* Instructions to follow: Go through the listing below, and from the line containing "The mangrove forests" through its last line, transcribe every line exactly, skipping pictures.
##########
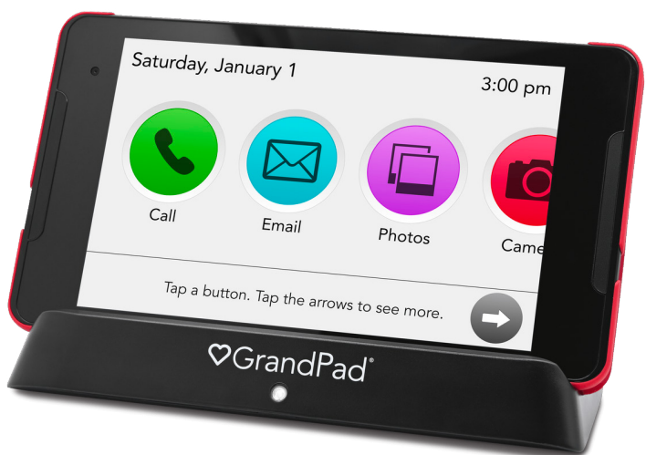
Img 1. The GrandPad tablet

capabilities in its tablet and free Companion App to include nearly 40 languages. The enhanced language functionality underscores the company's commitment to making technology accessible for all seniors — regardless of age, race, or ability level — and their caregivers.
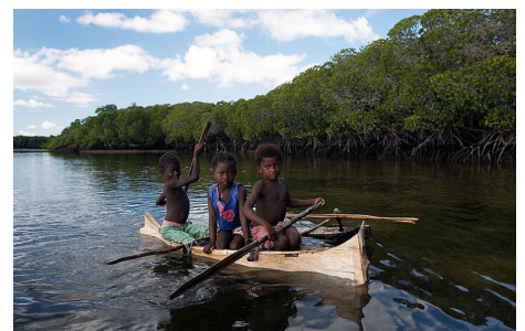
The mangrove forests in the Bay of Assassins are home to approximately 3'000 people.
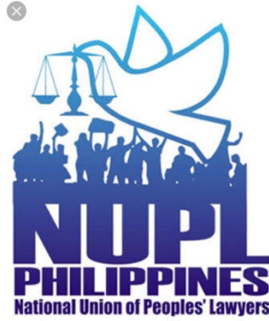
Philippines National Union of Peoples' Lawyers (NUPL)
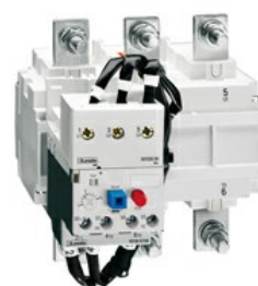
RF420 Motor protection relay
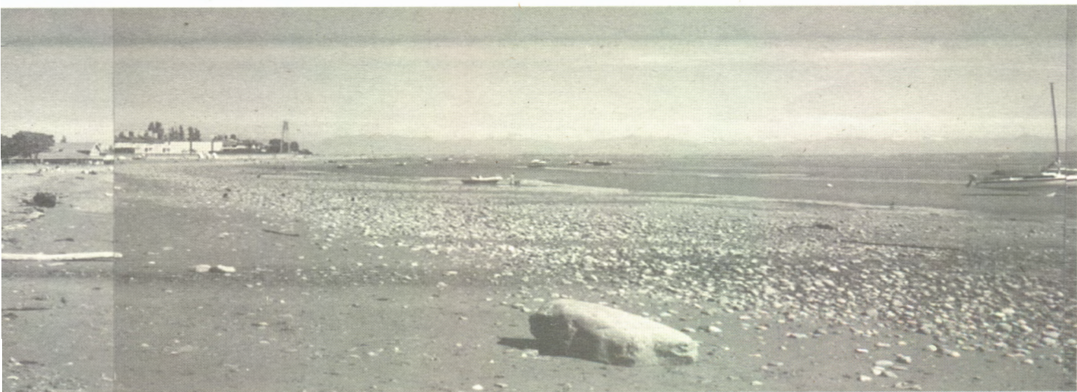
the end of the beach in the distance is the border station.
##########
* Task answer:
The mangrove forests in the Bay of Assassins are home to approximately 3'000 people.
Philippines National Union of Peoples' Lawyers (NUPL)
RF420 Motor protection relay
the end of the beach in the distance is the border station.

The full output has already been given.